- Task prompt -
Any image in the records should be left out; output everything else exactly.

Recorded data START

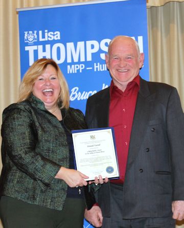"Thank you for this award, but I want to accept it on behalf of all the volunteers in Bayfield," he said, "and thanks to my wife for her support."
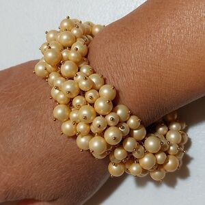 J.crew Retro Vintage Faux Pearl Bead Cluster Gold Tone Cha Cha Bracelet
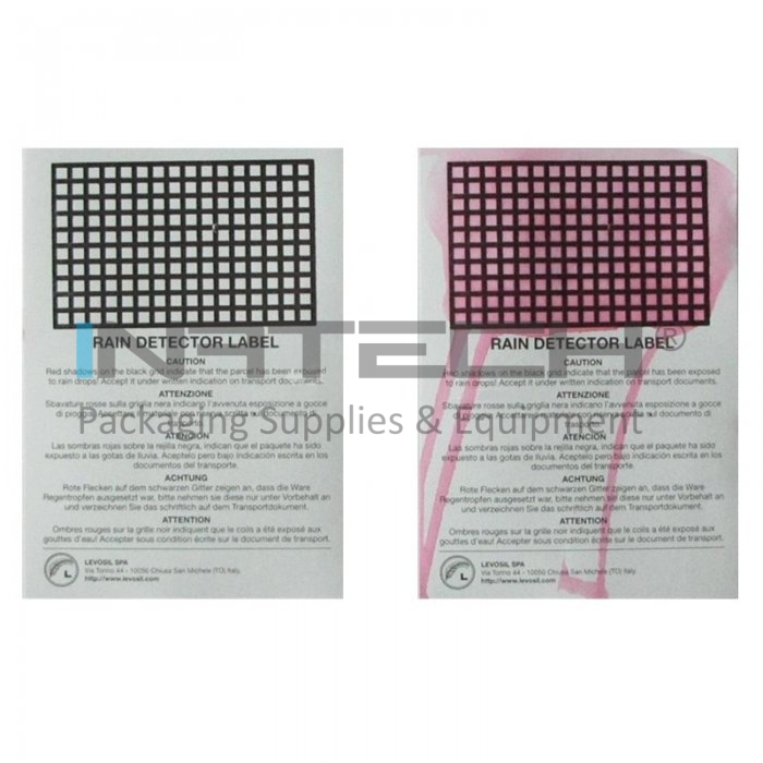 Eticheta autoadeziva detector de ploaie poate fi usor de fixat pe orice tip de ambalaj, iar indicatiile sunt usor de citit. Schimbarea culorii se face in mod ireversibil, iar prezenta etichetei va garanta calitatea transportului.
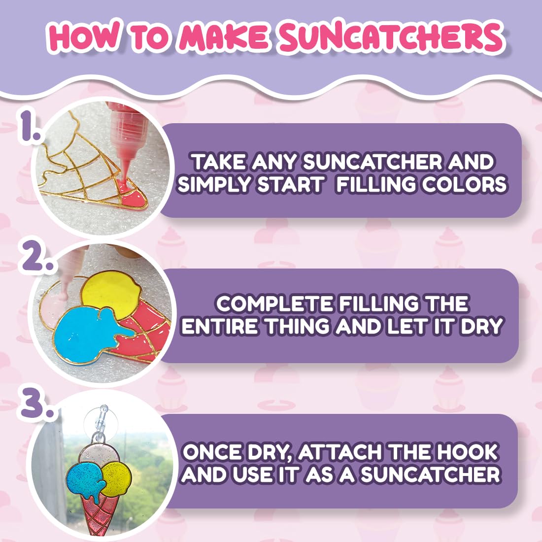 - Comes with 6 suncatchers, a design book, 6 bright colors, and 6 suction cups with hooks
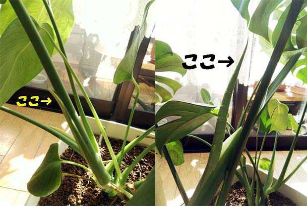 やっぱり右側のは大きな葉になりました 左側の葉はその下
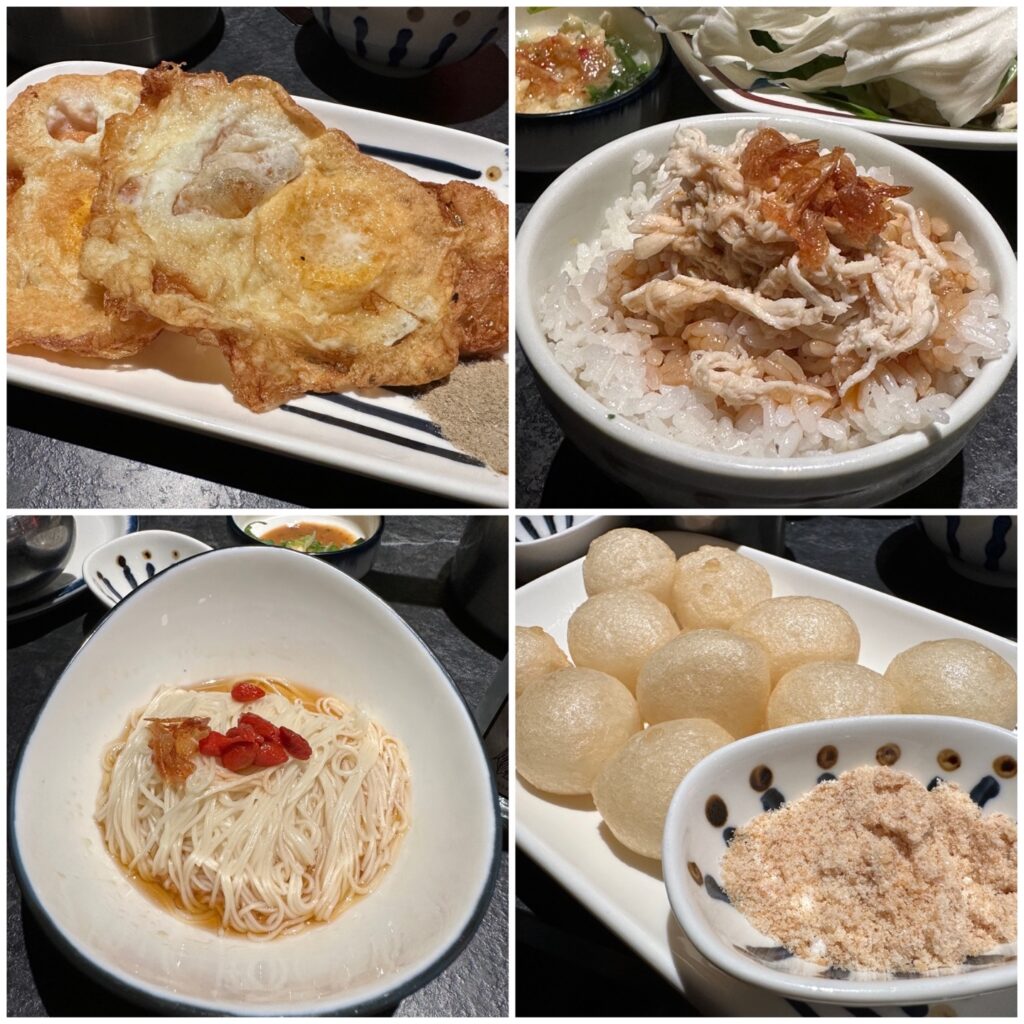 (左上):炸蛋 /(右上):雞肉飯/ (左下)油蔥麵線/ (右下):炸雲朵
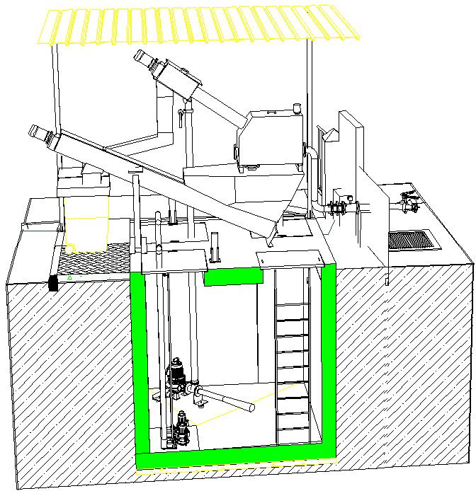 The front section view of the 3x3m waste water treatment block is given in this model. Here, machine drawings are given. For more details download the AutoCAD drawing file from our website.
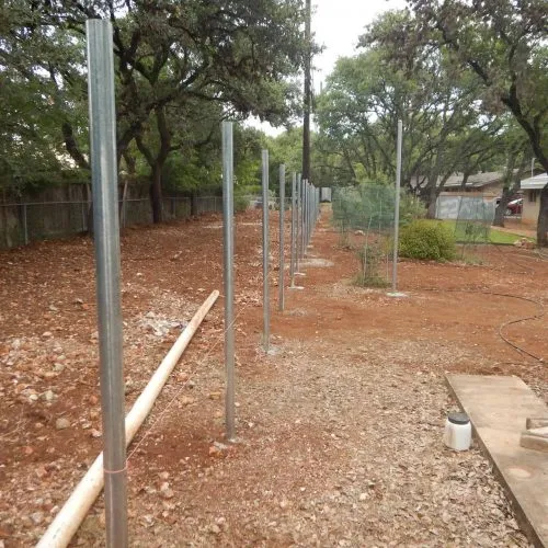 The challenge on this project was the rocky soil. Digging was quite difficult and laborious as we had to place the poles at a minimum of 24" to ensure stability. Luckily we had use of a jack hammer at times. In the end, all 52 posts got into the ground.
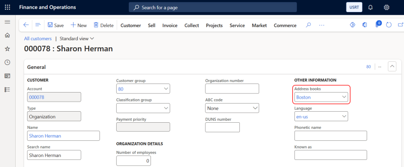 The address book is copied from the customer template during registration, starting with Sana Commerce Cloud 10.0.135 in Microsoft Dynamics 365 for Finance and Operations.
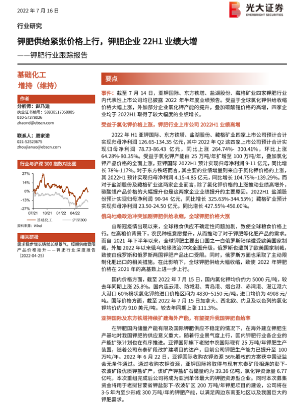 【光大证券】【20220716】钾肥行业跟踪报告:钾肥供给紧张价格上行,钾肥企业22H1业绩大增-3页 行业研究
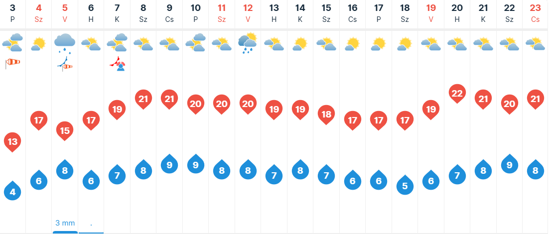 Szombaton eleinte keleten lehet több felhő, a határ mentén néhol gyenge eső is előfordulhat. Napközben itt is csökken, felszakadozik a felhőzet, és az ország más tájaihoz hasonlóan naposra fordul az idő. A szél napközben délire-délnyugatira fordul, helyenként megélénkül. Kora reggel keleten, délkeleten 5-8, máshol -3, +4 fok várható, majd délután 13-18 fokot mérhetünk.
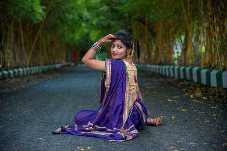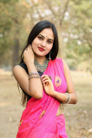 Indian Traditional Beautiful young girl in saree posing outdoors
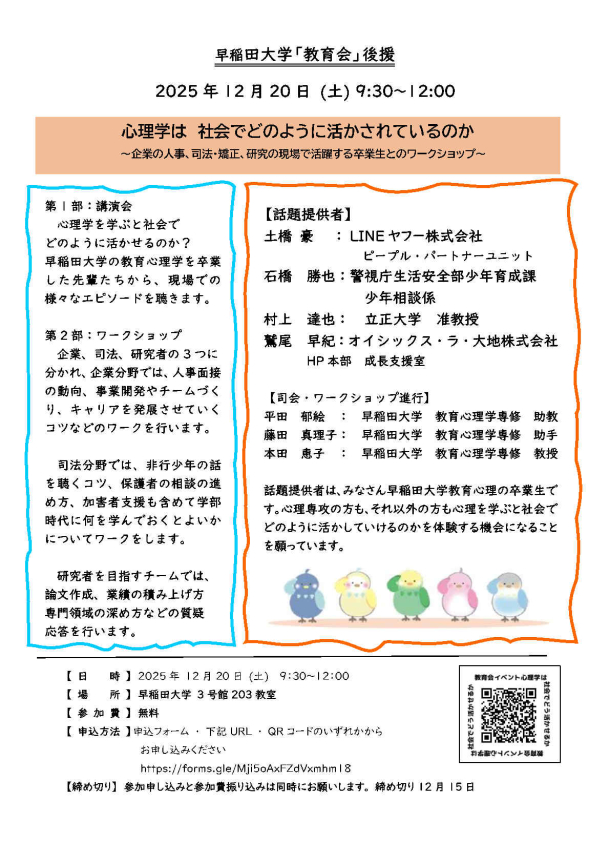 - 【教育会】「心理学は 社会でどのように活かされているのか~企業の人事、司法・矯正、研究の現場で活躍する卒業生とのワークショップ~」
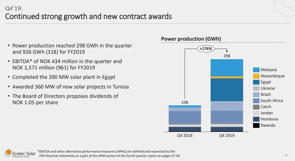 Die Norweger konnten die Stromproduktion im Vergleich zum Vorjahreszeitraum um satte 176 Prozent nach oben schrauben. Im Gesamtjahr 2019 verdoppelte Scatec Solar die installierte Kapazität auf 1,2 Gigawatt.

Recorded data END

- Solution for this exercise -
"Thank you for this award, but I want to accept it on behalf of all the volunteers in Bayfield," he said, "and thanks to my wife for her support."
 J.crew Retro Vintage Faux Pearl Bead Cluster Gold Tone Cha Cha Bracelet
 Eticheta autoadeziva detector de ploaie poate fi usor de fixat pe orice tip de ambalaj, iar indicatiile sunt usor de citit. Schimbarea culorii se face in mod ireversibil, iar prezenta etichetei va garanta calitatea transportului.
 - Comes with 6 suncatchers, a design book, 6 bright colors, and 6 suction cups with hooks
 やっぱり右側のは大きな葉になりました 左側の葉はその下
 (左上):炸蛋 /(右上):雞肉飯/ (左下)油蔥麵線/ (右下):炸雲朵
 The front section view of the 3x3m waste water treatment block is given in this model. Here, machine drawings are given. For more details download the AutoCAD drawing file from our website.
 The challenge on this project was the rocky soil. Digging was quite difficult and laborious as we had to place the poles at a minimum of 24" to ensure stability. Luckily we had use of a jack hammer at times. In the end, all 52 posts got into the ground.
 The address book is copied from the customer template during registration, starting with Sana Commerce Cloud 10.0.135 in Microsoft Dynamics 365 for Finance and Operations.
 【光大证券】【20220716】钾肥行业跟踪报告:钾肥供给紧张价格上行,钾肥企业22H1业绩大增-3页 行业研究
 Szombaton eleinte keleten lehet több felhő, a határ mentén néhol gyenge eső is előfordulhat. Napközben itt is csökken, felszakadozik a felhőzet, és az ország más tájaihoz hasonlóan naposra fordul az idő. A szél napközben délire-délnyugatira fordul, helyenként megélénkül. Kora reggel keleten, délkeleten 5-8, máshol -3, +4 fok várható, majd délután 13-18 fokot mérhetünk.
 Indian Traditional Beautiful young girl in saree posing outdoors
 - 【教育会】「心理学は 社会でどのように活かされているのか~企業の人事、司法・矯正、研究の現場で活躍する卒業生とのワークショップ~」
 Die Norweger konnten die Stromproduktion im Vergleich zum Vorjahreszeitraum um satte 176 Prozent nach oben schrauben. Im Gesamtjahr 2019 verdoppelte Scatec Solar die installierte Kapazität auf 1,2 Gigawatt.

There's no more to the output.